[EXERCISE DIRECTIONS]: Set down the data below in full, exactly as it reads, but without the pictures.

[SUPPLIED INFORMATION]:

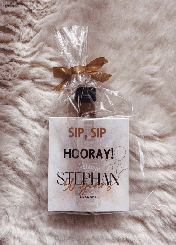 Add a refined and memorable touch to your celebration with this personalized mini whiskey return gift, featuring a 5cl Jack Daniel’s bottle elegantly wrapped with a custom-designed folded label.
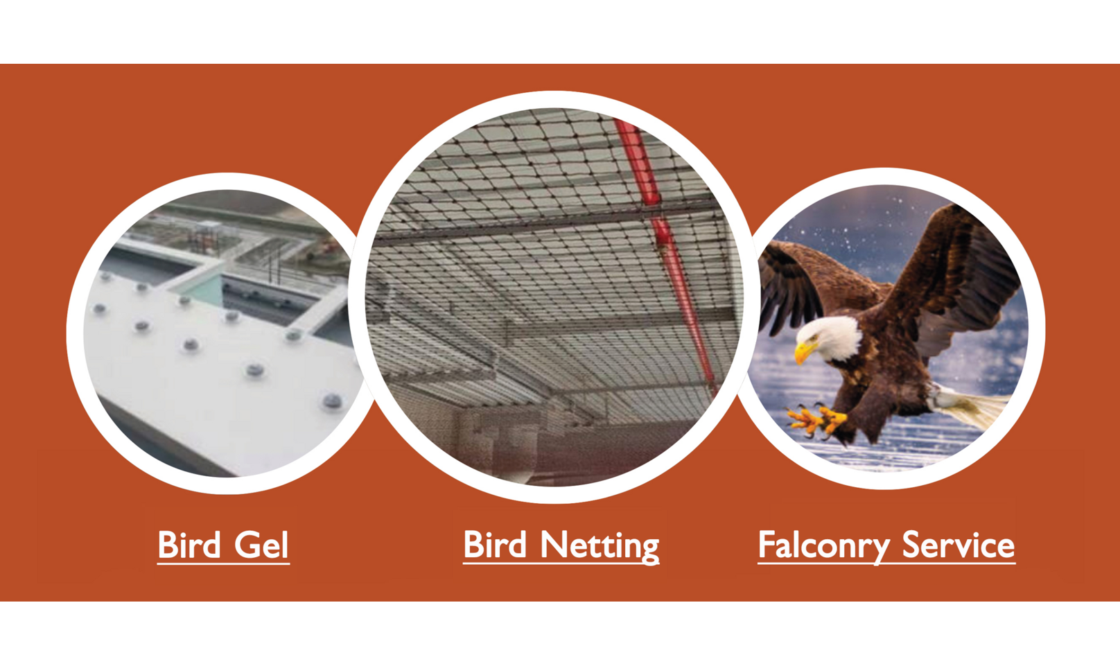- Three core solutions: Bird Netting / Bird Gel / Falconry
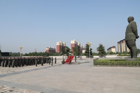 “我是中國民兵,我宣誓:服從中國共產(chǎn)黨領(lǐng)導,積極參加國家建設(shè),忠實履行國防義務(wù),遵紀守法,服從命令,忠于職守,努力學習……”當日上午,在吉鴻昌將軍塑像前,太康縣全體基干民兵集體重溫了民兵誓詞。

[COMPLETED TASK]:
 Add a refined and memorable touch to your celebration with this personalized mini whiskey return gift, featuring a 5cl Jack Daniel’s bottle elegantly wrapped with a custom-designed folded label.
- Three core solutions: Bird Netting / Bird Gel / Falconry
 “我是中國民兵,我宣誓:服從中國共產(chǎn)黨領(lǐng)導,積極參加國家建設(shè),忠實履行國防義務(wù),遵紀守法,服從命令,忠于職守,努力學習……”當日上午,在吉鴻昌將軍塑像前,太康縣全體基干民兵集體重溫了民兵誓詞。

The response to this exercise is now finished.